* [WHAT THE EXERCISE ASKS]
The pictures must be left out, while the rest of the data is copied exactly.

┌──

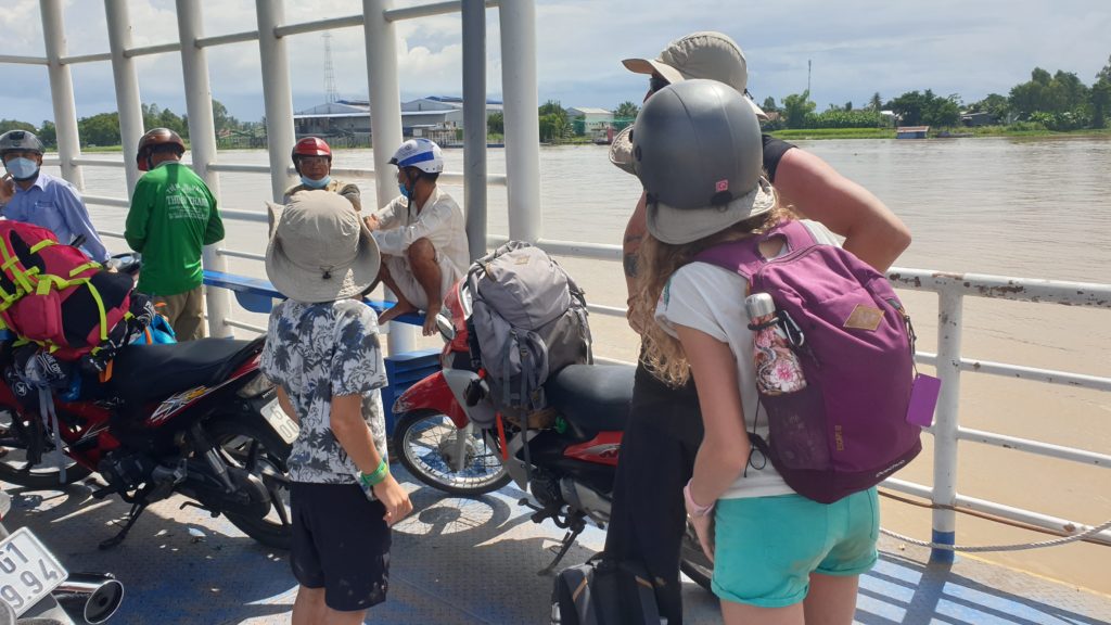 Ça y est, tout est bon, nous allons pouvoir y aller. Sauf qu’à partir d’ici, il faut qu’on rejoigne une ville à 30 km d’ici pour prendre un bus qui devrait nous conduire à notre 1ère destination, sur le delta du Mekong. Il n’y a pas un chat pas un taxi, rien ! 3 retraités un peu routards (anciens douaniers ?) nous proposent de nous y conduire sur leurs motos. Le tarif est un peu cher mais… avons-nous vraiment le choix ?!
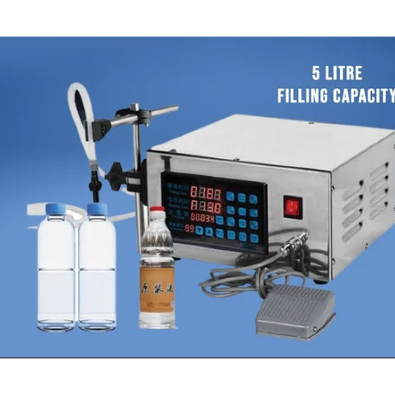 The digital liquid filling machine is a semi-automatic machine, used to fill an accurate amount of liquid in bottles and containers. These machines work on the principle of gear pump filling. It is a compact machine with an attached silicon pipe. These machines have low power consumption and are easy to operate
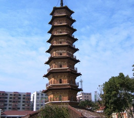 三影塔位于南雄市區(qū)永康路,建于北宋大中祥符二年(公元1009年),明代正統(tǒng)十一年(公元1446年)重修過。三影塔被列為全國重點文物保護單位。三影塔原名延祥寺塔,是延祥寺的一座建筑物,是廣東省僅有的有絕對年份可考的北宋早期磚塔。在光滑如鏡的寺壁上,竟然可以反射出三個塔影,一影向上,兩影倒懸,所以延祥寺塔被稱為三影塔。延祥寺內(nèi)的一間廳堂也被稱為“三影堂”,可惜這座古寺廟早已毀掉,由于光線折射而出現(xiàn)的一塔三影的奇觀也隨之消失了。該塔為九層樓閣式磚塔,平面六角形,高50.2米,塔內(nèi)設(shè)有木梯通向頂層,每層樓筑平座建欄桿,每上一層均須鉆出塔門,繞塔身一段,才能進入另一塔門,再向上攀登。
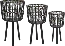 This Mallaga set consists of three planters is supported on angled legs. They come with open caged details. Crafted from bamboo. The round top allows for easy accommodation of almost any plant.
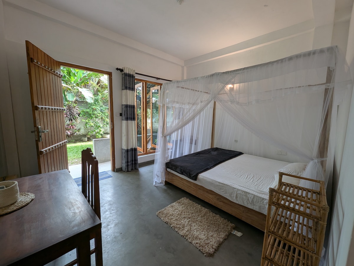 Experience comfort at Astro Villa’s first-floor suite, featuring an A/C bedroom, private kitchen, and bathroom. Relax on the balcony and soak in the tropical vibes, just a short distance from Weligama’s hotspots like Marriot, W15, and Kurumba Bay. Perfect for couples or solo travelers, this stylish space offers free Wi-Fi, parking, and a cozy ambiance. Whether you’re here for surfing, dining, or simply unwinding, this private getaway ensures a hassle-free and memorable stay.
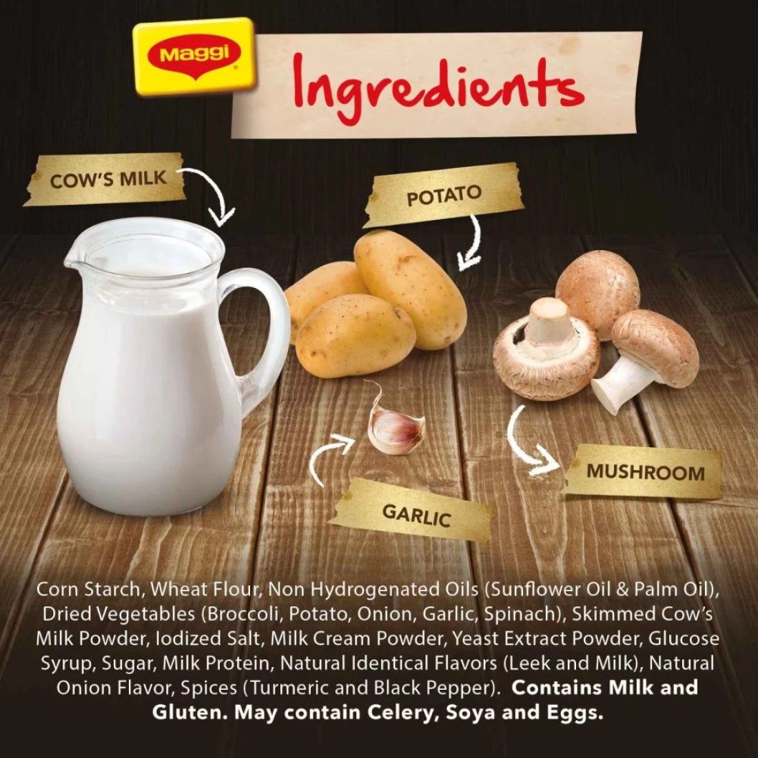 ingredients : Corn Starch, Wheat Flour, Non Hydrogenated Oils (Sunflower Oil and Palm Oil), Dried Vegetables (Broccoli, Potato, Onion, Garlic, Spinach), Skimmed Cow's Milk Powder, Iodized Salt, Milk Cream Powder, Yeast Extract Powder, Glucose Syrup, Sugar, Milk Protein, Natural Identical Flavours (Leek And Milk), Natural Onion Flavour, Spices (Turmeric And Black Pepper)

└──

* [SOLUTION TO THE PROBLEM]
 Ça y est, tout est bon, nous allons pouvoir y aller. Sauf qu’à partir d’ici, il faut qu’on rejoigne une ville à 30 km d’ici pour prendre un bus qui devrait nous conduire à notre 1ère destination, sur le delta du Mekong. Il n’y a pas un chat pas un taxi, rien ! 3 retraités un peu routards (anciens douaniers ?) nous proposent de nous y conduire sur leurs motos. Le tarif est un peu cher mais… avons-nous vraiment le choix ?!
 The digital liquid filling machine is a semi-automatic machine, used to fill an accurate amount of liquid in bottles and containers. These machines work on the principle of gear pump filling. It is a compact machine with an attached silicon pipe. These machines have low power consumption and are easy to operate
 三影塔位于南雄市區(qū)永康路,建于北宋大中祥符二年(公元1009年),明代正統(tǒng)十一年(公元1446年)重修過。三影塔被列為全國重點文物保護單位。三影塔原名延祥寺塔,是延祥寺的一座建筑物,是廣東省僅有的有絕對年份可考的北宋早期磚塔。在光滑如鏡的寺壁上,竟然可以反射出三個塔影,一影向上,兩影倒懸,所以延祥寺塔被稱為三影塔。延祥寺內(nèi)的一間廳堂也被稱為“三影堂”,可惜這座古寺廟早已毀掉,由于光線折射而出現(xiàn)的一塔三影的奇觀也隨之消失了。該塔為九層樓閣式磚塔,平面六角形,高50.2米,塔內(nèi)設(shè)有木梯通向頂層,每層樓筑平座建欄桿,每上一層均須鉆出塔門,繞塔身一段,才能進入另一塔門,再向上攀登。
 This Mallaga set consists of three planters is supported on angled legs. They come with open caged details. Crafted from bamboo. The round top allows for easy accommodation of almost any plant.
 Experience comfort at Astro Villa’s first-floor suite, featuring an A/C bedroom, private kitchen, and bathroom. Relax on the balcony and soak in the tropical vibes, just a short distance from Weligama’s hotspots like Marriot, W15, and Kurumba Bay. Perfect for couples or solo travelers, this stylish space offers free Wi-Fi, parking, and a cozy ambiance. Whether you’re here for surfing, dining, or simply unwinding, this private getaway ensures a hassle-free and memorable stay.
 ingredients : Corn Starch, Wheat Flour, Non Hydrogenated Oils (Sunflower Oil and Palm Oil), Dried Vegetables (Broccoli, Potato, Onion, Garlic, Spinach), Skimmed Cow's Milk Powder, Iodized Salt, Milk Cream Powder, Yeast Extract Powder, Glucose Syrup, Sugar, Milk Protein, Natural Identical Flavours (Leek And Milk), Natural Onion Flavour, Spices (Turmeric And Black Pepper)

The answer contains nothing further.